Is it Hugh or is it Sid?
Here are the top ten reasons why, contrary to Andrew Sullivan's nasty aside, Hugh Hewitt is not the Sid Blumenthal of the Bush administration:
10. Hugh has not been called before a grand jury.
9. Hugh believes in people; Sid believes in conspiracies.
8. Both have great hair, but Hugh's is gray.
7. Hugh is a gentleman (see his response to Sullivan); Sid's nickname is "Vicious."
6. The president Hugh supports is a gentleman.
5. Hugh advances the policies of President Bush because he agrees with them; Sid advanced the misconduct of President Clinton because he was on the payroll.
4. Sid demonizes those with whom he disagrees; Hugh invites them on his radio show for a discussion.
3. Sid is a name-dropper; Hugh isn't, except for the occasional Catholic Bishop.
2. Hugh didn't compare our liberation of Fallujah to the Nazi's siege of Stalingrad; or America's handling of terrorist detainees to Stalin's gulag.
1. Hugh has a massive nationwide U.S. audience (sort of like Sullivan once did); Sid is read, if at all, in a few precincts of England and Germany.
JOHN adds: Awesome job. I'll only add that Hugh is possibly the least vicious man I know. It takes a curious sort of myopia to be unable to distinguish Hugh from the appalling Sid Blumenthal.

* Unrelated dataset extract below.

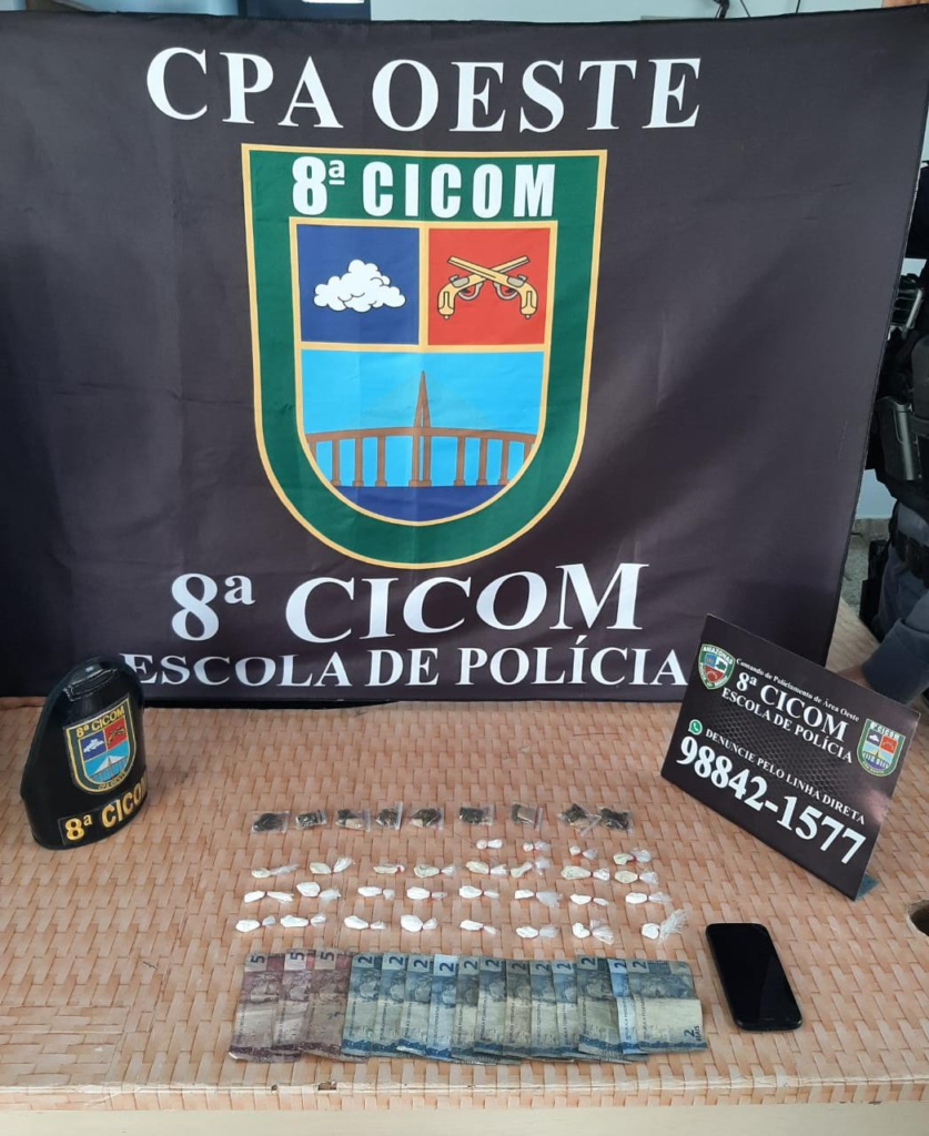 Durante a abordagem, foram encontradas nove porções de entorpecente com características de maconha, 12 porções de entorpecente com aspecto de oxi, 16 porções de substância com aspecto de cocaína, e a quantia de R$ 39 em espécie.

SCOTT adds: Andrew thinks he has "hit a nerve" with his likening of Hugh Hewitt to Sidney Blumenthal. I think he has simply demonstrated once again why he has become such a crashing bore. He has also demonstrated that he isn't exactly a fair controversialist, asserting that "Powerline believes that the Iraq war has been conducted flawlessly and that the feds did a perfect job with Katrina." But, hey, he's got a column in Time, and a column in the Sunday Times of London ("the biggest Sunday circulation in the UK")!
Before we leave the subject of Hewitt versus Blumenthal, reader John Casey offers reason 10a:
Hugh wasn’t called back by a grand jury to be questioned as to why he lied in the press about his previous grand jury appearance.For an account of Blumenthal's despicable behavior in connection with his grand jury appearances, see Michael Isikoff's Slate review of Blumenthal's Clinton book: "Insidious Sid."
JOHN adds: I want to add a brief response to Andrew's characterization of his differences of opinion with us. While his comment was no doubt offhand, I do think it sheds light on where we part company.
We certainly have never written anything that suggests we think the Iraq war has been "conducted flawlessly." I don't suppose any war ever has been. But I do think that it has been conducted intelligently and successfully, and with remarkably few casualties among our military personnel. (If you doubt that last point, read this post and the bar chart that Dafydd ab Hugh has on Big Lizards,)
As to Hurricane Katrina, once again, I don't know when we ever said that the "feds did a perfect job." I doubt that any disaster relief effort has ever been perfect. What we have said is that the attacks on the federal government's performance have been long on hysteria and short on specifics, and it is not at all clear that the response to Hurricane Katrina was any slower or less effective than the responses to past natural disasters of similar magnitude. Andrew is a bright guy, so I am sure he understands the difference between "perfect" and "not obviously below average."
I was an admirer of Andrew's for a long time--in truth, I still am--but it seems to me that ever since he decided, for whatever reasons, to turn his back on the Bush administration, his writing has lacked coherence.
PAUL adds: If anyone hit a nerve, it must have been me with the crack about Sullivan's readership (as opposed to Time Magazine's). Sullivan's dishonest reaction, to falsely state that we think the administration's conduct of the war and the Katrina relief effort has been perfect, provides a better explanation for his decline than the more general, self-congratulatory one he provides -- his attempt to "piss off" conservatives.
In any case, Sullivan got some attention today, which may have been what his cheap shot at Hugh was all about.